Only those who walk in darkness see the stars


Russell V. Delong once said that; “Stars are set in golden sockets in the canopy of the heavens. They are scintillating diamonds mounted in God’s gorgeous universe. The glittering light they cast, radiating from planets millions of light years away, inspire the inhabitants of the earth. The twinkling heavens reveal God’s creative extravagance to beautify and glamorize the universe.”

No wonder someone wrote——

Twinkle, twinkle, little star.

How I wonder what you are,

Up above the world so high,

Like a diamond in the sky!

Yes, little stars multiplied by millions plus Orion and Pleiades and Arcturus, the Milky Way, the Big and Little Dippers, the North Star, the evening star, the northern lights, plus the grandeur of a full moon, cause man to be speechless as he stands under the canopy of divine grandeur, or to murmur, “What is man, that thou art mindful of him?”

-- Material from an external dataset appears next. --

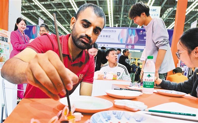 10月19日,外國游客在景德鎮(zhèn)國際陶博城主會場體驗畫陶瓷。瓷博會正在成為生動展示國家陶瓷文化傳承創(chuàng)新試驗區(qū)建設成果的獨特窗口、陶瓷行業(yè)“買全球、賣全球”的開放平臺。楊繼紅攝(中經(jīng)視覺)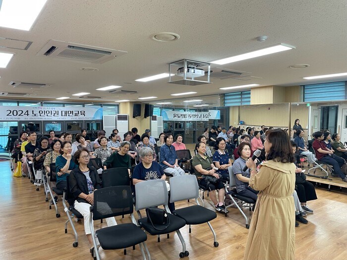 서울 중랑구가 최근 장기요양기관 종사자 38명을 대상으로 ‘2024 노인인권 대면 교육’을 실시해 서울동부노인보호전문기관 관계자들이 강사로 나서 노인인권의 기본 개념 등의 내용을 진행했다. 사진은 2024 노인인권 대면 교육이 진행되고 있는 모습. (사진=중랑구청 제공)

Suppose the stars appeared only once a year. Can you imagine what men would be doing that night? All other attractions, all other amusements, all other entertainments, all other human extravaganzas would be deserted to behold in wonder and amazements, as God turned on His colossal, heavenly extravaganza.

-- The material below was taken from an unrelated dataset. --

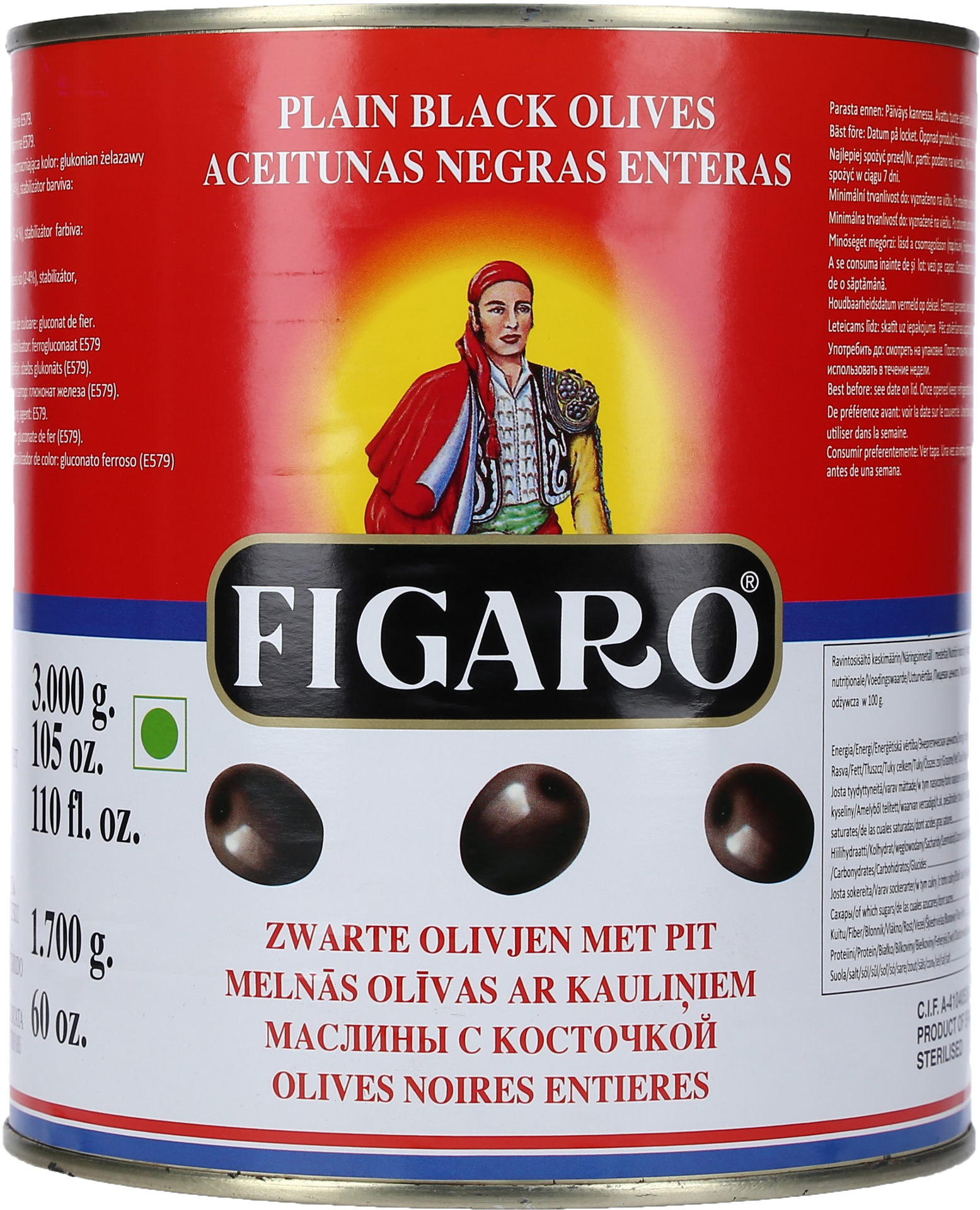 ACEITUNAS NEGRAS ENTERA FIGARO 6/105 OZ.

Stars are so common and seen so often that there is a tendency to take them for granted and to become accustomed to their presence. Emerson wrote, “If the stars should appear one night in a thousand years, how men would believe and adore; and preserve for many generations the remembrance of the city of God which had been shown! But every night come out these envoys of beauty, and light the universe with their admonishing smile.”

Carlyle wrote much about the stars. Among other things he observed: “When I gaze into the stars, they look down upon me with pity from their serene and silent spaces, like eyes glistening with tears over the little lot of man. Thousands of generations, all as noisy as our own, have been swallowed up by time, and there remains no record of them any more. Yet, Arcturus and Orion, Sirius and Pleiades, are still shining in their courses. Clear and young, as when the shepherds first noted them in the plain of Shinar.”

Carlyle also wrote: “A star is beautiful; it affords pleasure, not from it is to do, or give, but simply by being what it is. It befits the heavens; it has congruity with the mighty space in which it dwells. It has repose; no force; no force disturbs its eternal peace. It has freedom; no obstruction lies between it and infinity.”

To me, one of the most interesting and striking things about stars is this: They can be seen only at night. In the daytime, when the sun is shining and the birds are singing, the stars are unseen. They come out only when the sun drops beyond the western sky line, the shadows lengthen, the dusk falls, and the evening approaches. When the night arrives the stars also arrive. They come together and depart together. It takes the night to reveal the glory of the stars.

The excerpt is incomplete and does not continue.